Supplied material:
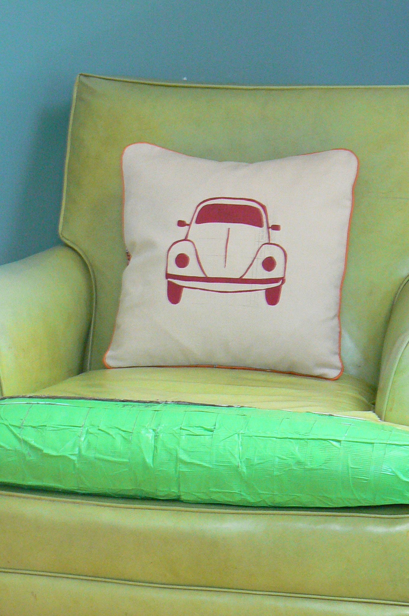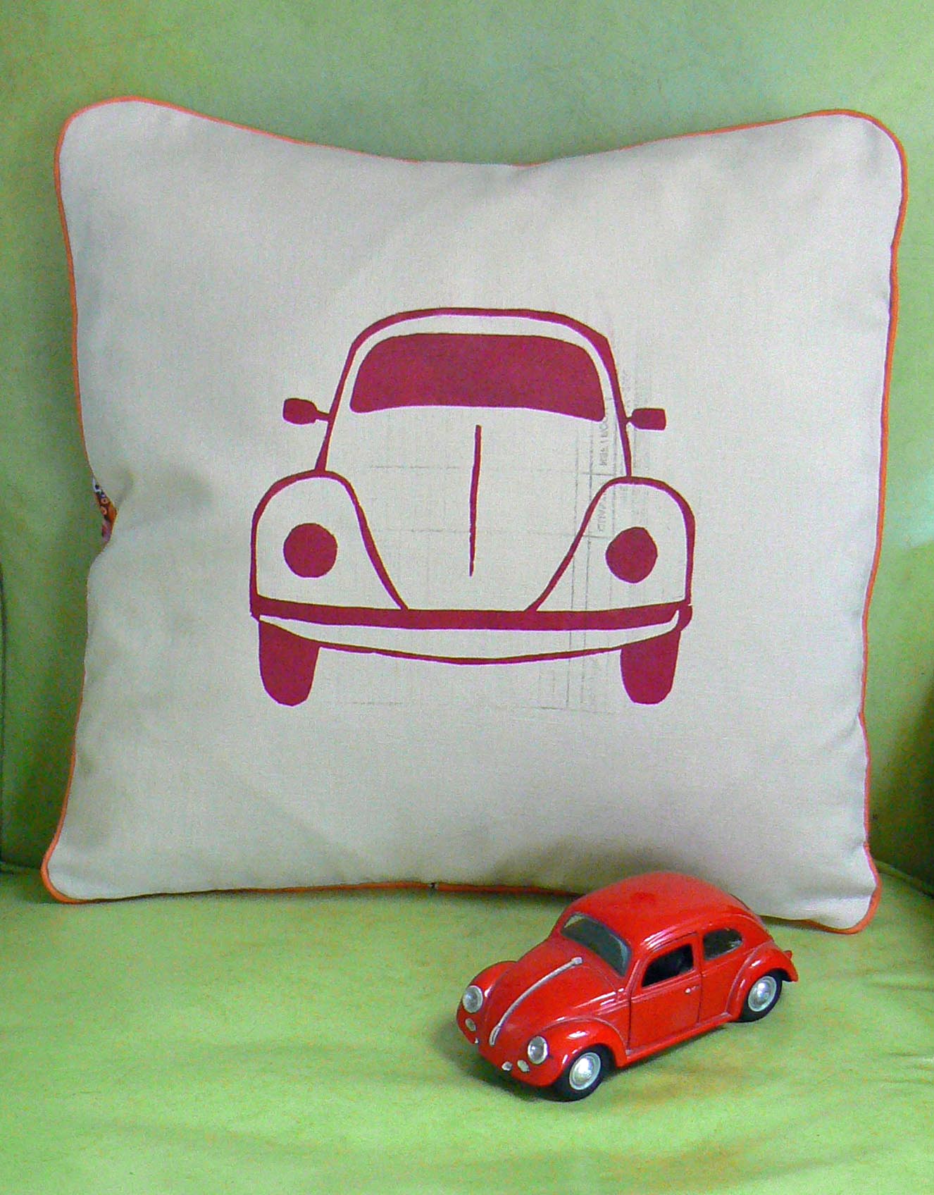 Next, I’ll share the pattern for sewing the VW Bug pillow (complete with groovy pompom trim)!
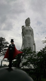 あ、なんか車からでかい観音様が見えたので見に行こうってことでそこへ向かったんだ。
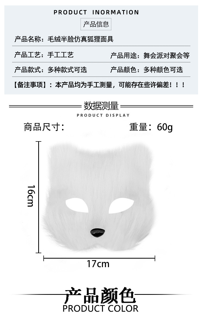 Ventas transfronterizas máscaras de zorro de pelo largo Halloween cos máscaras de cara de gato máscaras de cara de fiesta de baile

Action item: Copy the material above word for word, images excluded.

Result below:
 Next, I’ll share the pattern for sewing the VW Bug pillow (complete with groovy pompom trim)!
 あ、なんか車からでかい観音様が見えたので見に行こうってことでそこへ向かったんだ。
 Ventas transfronterizas máscaras de zorro de pelo largo Halloween cos máscaras de cara de gato máscaras de cara de fiesta de baile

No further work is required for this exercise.